In order to address this recent computational turn in cultural heritage, since 2016 the Collections-as-Data movement, and particularly the Always Already Computational project (Padilla et al. 2019) and its Mellon-funded successor, Collections as Data: Part to Whole (Padilla et al. 2023), has been focusing on and advocating for the responsible development and computational use of digitised and born-digital cultural heritage collections by making these collections available as data that is ‘amenable to computation’ (Padilla et al. 2019, 20). The Collections-as-Data movement and community of practice have blossomed internationally and have been advocating for the importance of presenting cultural heritage collections in open, reusable formats as machine-readable data, through the Santa Barbara Statement on Collections as Data (2019) and the Vancouver Statement on Collections as Data (2023).6 Furthermore, Collections-as-Data is focused on promoting and encouraging diverse forms of collaboration among stakeholders and areas of work that need to be brought together to responsibly develop and support the reuse of collections as data, including reference services, documentation, repository development, collections management, digitisation, web archiving, outreach and preservation. The movement also highlights concerns about ethical stewardship, social and technical interoperability, transparent documentation, commitments to preservation and responsible operations (Padilla 2019; Padilla et al. 2023).
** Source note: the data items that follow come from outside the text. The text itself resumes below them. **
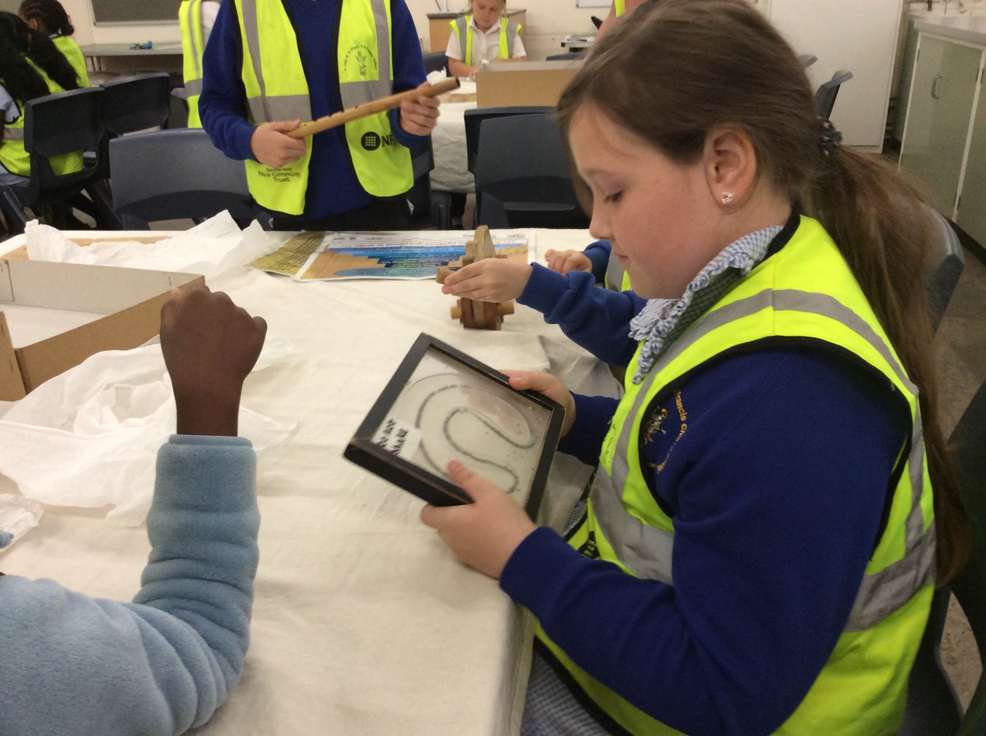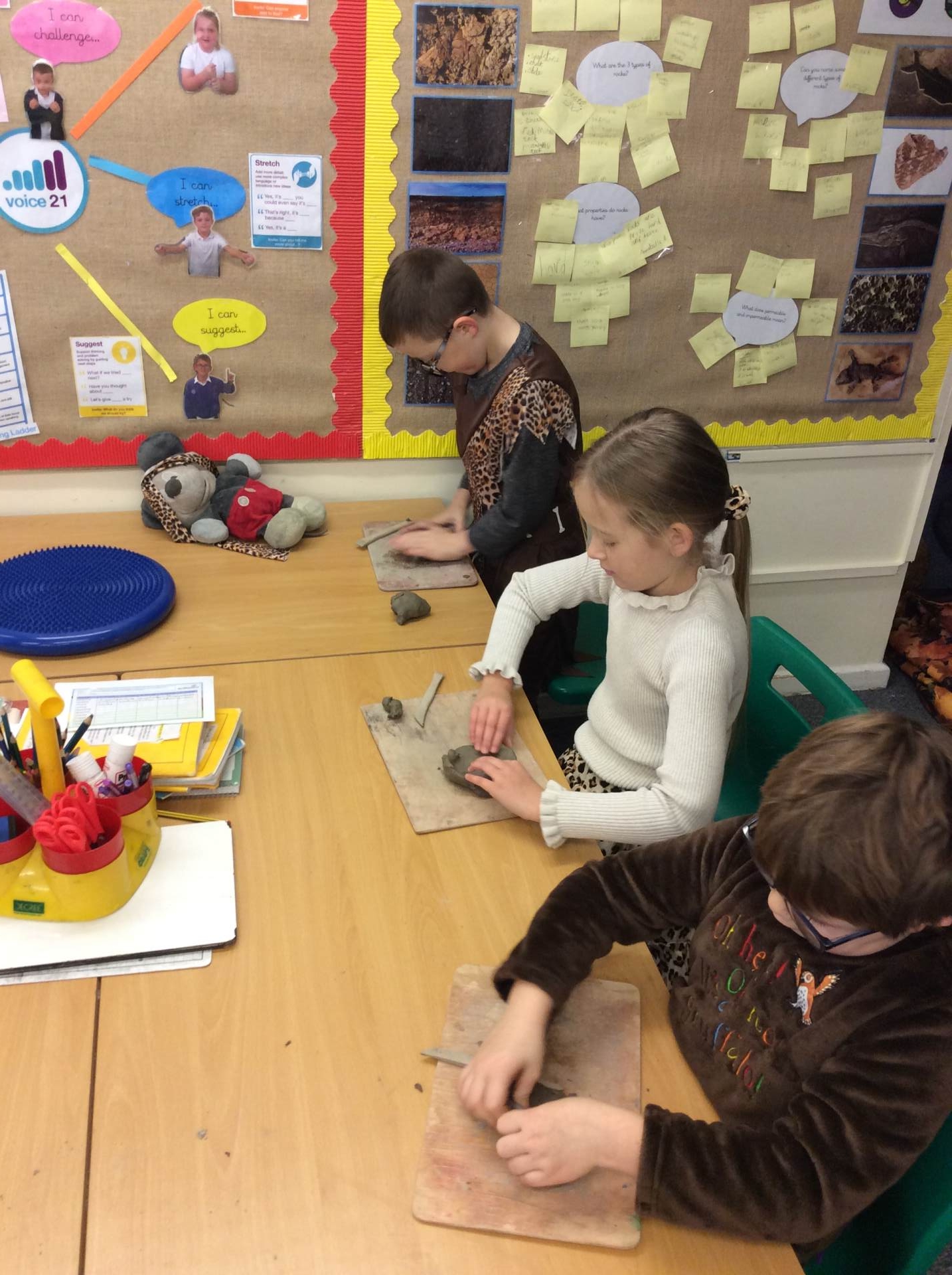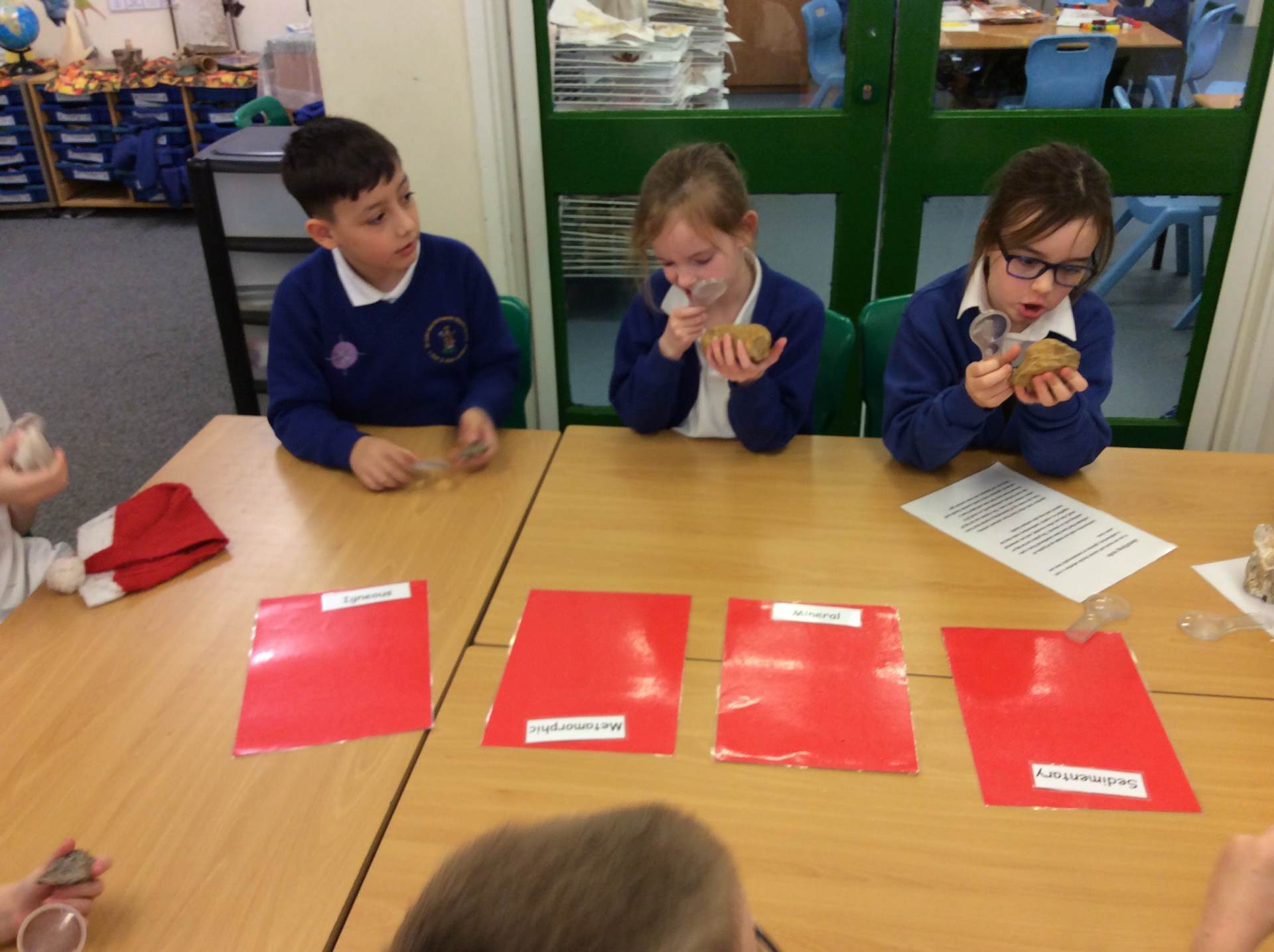 Today, Natasha from Somerset Heritage and Learning came to share her knowledge on rocks and fossils. We started our session by watching a video about how fossils are made and then moved on to three different activities. The first activity was working with Natasha to identify different rocks and using magnifying glasses to see what small particles the rocks were made up of. The second activity was a game of rock bingo, and the third activity was rubbing fossils to make our very own prints. We then had to identify what type of fossil we had been given. There were lots of opportunities to walk around the room and read the information that Natasha had brought out as well. What an exciting morning we had learning more about rocks and fossils.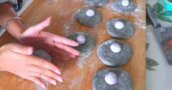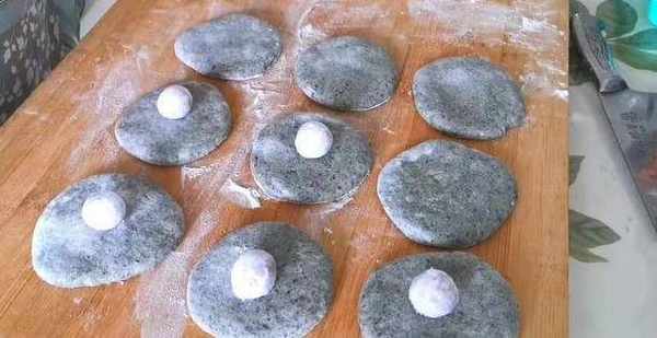 11、以此类推,所有的面剂擀成面饼状后,在上面放一个元宵,这样后面才会出现拉丝爆浆的效果,当然,如果你不喜欢也可以不放哦。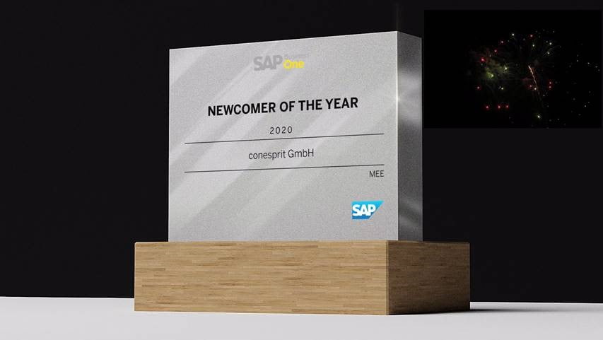 Stolz verkündigen wir, dass die conesprit GmbH von SAP für unser Produkt www.business-one.cloud als Newcomer of the Year 2020 ausgezeichnet wurden!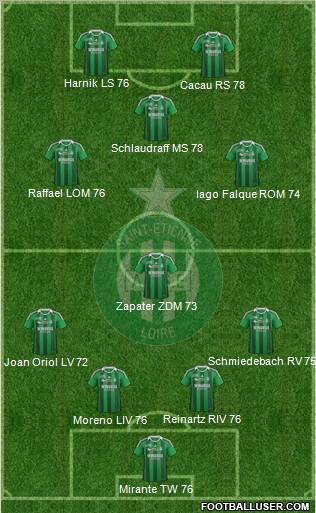 Ruffier ( 84 ) · Bayal Sall ( 75 ) · Martial ( 70 ) · Rafael ( 78 ) · Corchia ( 77 ) · Chantome ( 78 ) · Lemoine ( 77 ) · Sergio Canales ( 78 ) · Gradel ( 78 ) · Aubameyang ( 78 ) · Pasquale ( 79 )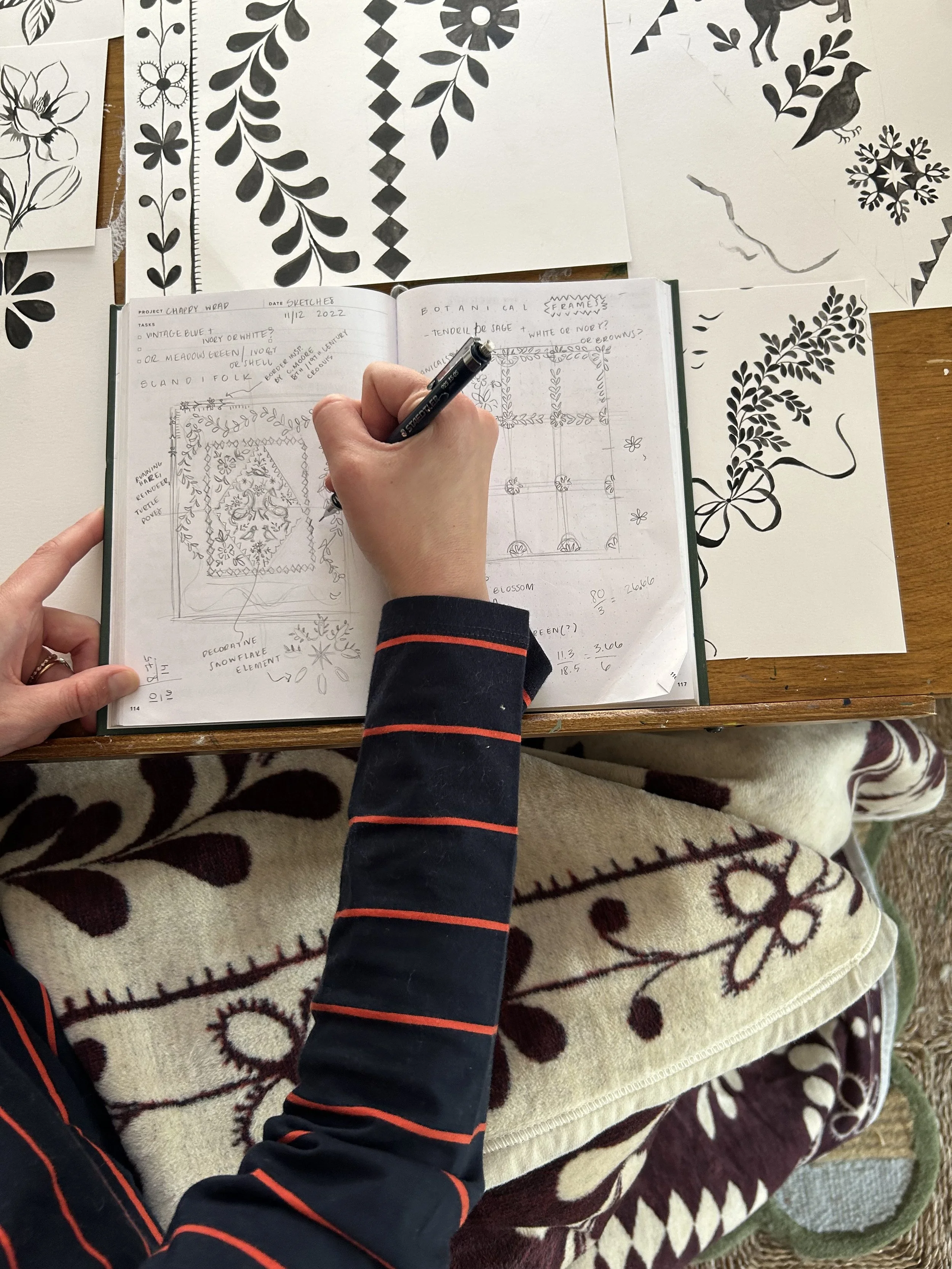 When I started working on these designs last year with the ChappyWrap team, my goal was to create patterns that look and feel like art for your home. We pulled references from some of my favorite sources of inspiration- folk art, block printed textiles, antique bone inlay, and botanical motifs- and added a festive spin, resulting in four blankets that are just waiting to become holiday heirlooms.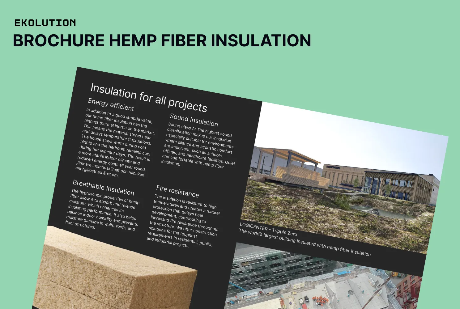 Ekolutions EPD (Environmental Product Declaration) is a certified and verified report that provides detailed information on the environmental impact of Ekolution® Hemp fiber insulation over its entire life cycle. From the manufacture of raw materials to the use and final dismantling of the product. This supports transparent comparisons and contributes to sustainable decisions in the construction sector.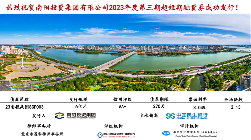 南陽(yáng)投資集團(tuán)2023年度第三期超短期融資券(23南投集團(tuán)SCP003)于2023年9月26日成功發(fā)行,金額6億元,票面利率3.04%,全場(chǎng)倍數(shù)2.13倍,由民生銀行承銷,創(chuàng)2023年下半年河南省同評(píng)級(jí)同期限城投類企業(yè)發(fā)行價(jià)格新低!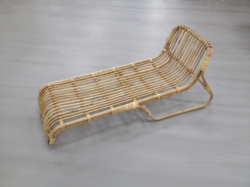 Jassa, a collection of furniture made of rattan, inspired by the craft traditions of Indonesia and Vietnam, is mass-produced but with a hand-made aesthetic. Hein Eek initially worked with steel and rattan, but changed to 32mm-diameter red rattan to provide the structural support for his recliner and table, with a narrower gauge for the surface covering. The pieces look rather African, do not shout Hein Eek, and seem only a moderate tweak on existing designs in rattan. That, of course, is part of his philosophy.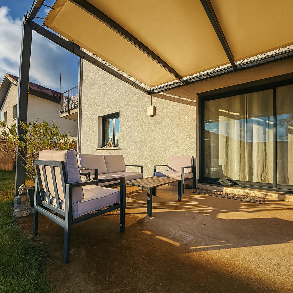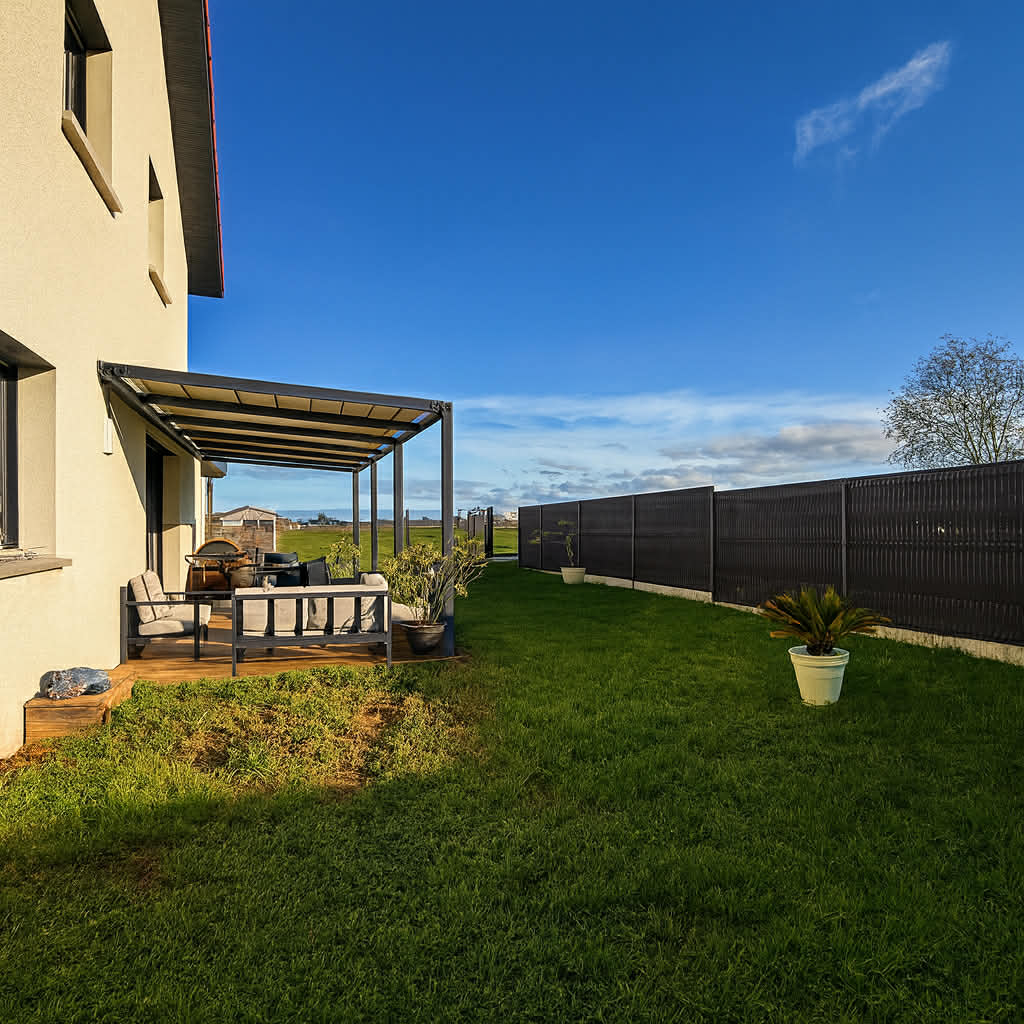 -un jardin de plus de 150 m² avec sa pergola sur mesure !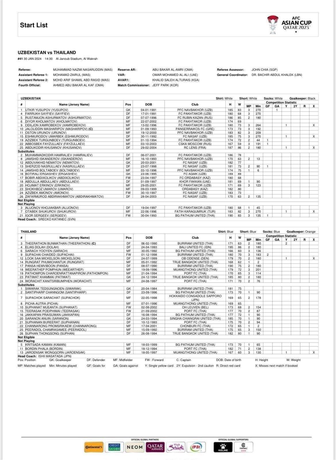 乌兹别克斯坦vs泰国首发:图尔根巴耶夫PK素巴猜 提拉通、沙拉奇

Aligned with Collections-as-Data’s mission to advance the responsible development and computational reuse of digital cultural heritage collections, a series of initiatives have introduced the importance of producing datasheets (Alkemade et al. 2023) and data envelopes (Luthra and Eskevich 2024). Especially in light of developments in AI and the need for high-quality, well-documented GLAM datasets for machine learning processes, these datasheets and data envelopes are designed to provide context for and transparent information about provenance, purposes, composition, collection processes, recommended uses or societal biases reflected in cultural heritage datasets. Developing, providing and maintaining digital cultural heritage collections as data is not an easy task for cultural heritage institutions, and to support adoption in a ‘business-as-usual’ mode, a number of checklists and guidelines have been developed to help them break down the tasks, steps and requirements for such an endeavour (Candela et al. 2023; Lee 2023).
Technical frameworks
Earlier technical attempts to offer GLAM datasets for reuse include the Open Archives Initiative Protocol for Metadata Harvesting (OAI-PMH), which provided links to zipped collections or to static collection directories that can be accessed via GitHub, such as those of The New York Public Library,7 The Cooper Hewitt Museum8 and The Tate Collection.9 Over the last ten years, the most common way for museums and other GLAMS to openly release their collection data has been via an API. APIs are a way of structuring data that makes it accessible and transmissible in a machine-readable and dynamic way, allowing for communication between software programs. From the perspective of a cultural heritage institution, an API allows users to request data from inside the institution and have it delivered to them in a usable form, freely available by means of an open licence which is Creative Commons (CC) or CC-like.
Although API technology has become widely used in the GLAM world in general, a recent audit showed that there is some resistance to or delay in the adoption of APIs among GLAM institutions, particularly in the UK. Almost half (49 per cent) of respondents to a 2022 survey said that their institution did not have APIs; only 21 per cent said that their institution had an API that allows others to make use of their online collections; and a further 16 per cent said that the introduction of an API was pending (Gosling et al. 2022, 3). Moreover, the existing open APIs have low levels of usage and some either struggle to perform or stall completely when attempting higher-volume queries for collaborative research projects (Gosling et al. 2022, 5). Indeed, there is very little research aiming to understand how people use collections data from cultural heritage institutions through APIs (Villaespesa et al. 2021), thus limiting our capacity to assess the quality of and interest in reusing the available data and to encourage straightforward engagement with APIs by users with a range of technical expertise. For example, the Museums of the City of Paris/Paris Musées make available more than 100,000 open-access works via their GraphQL API, but an additional layer of authentication is required for the user to acquire the API’s key and access its content (in JSON files).10 This adds friction to the process and discourages serendipitous rather than targeted exploration. Similarly, the technical documentation and development for both the V&A Collections API11 and the Wellcome Collection API12 are designed for and addressed to developers as end-users, as per their domain names. This is suggestive of a high barrier to entry and likely to discourage general research use.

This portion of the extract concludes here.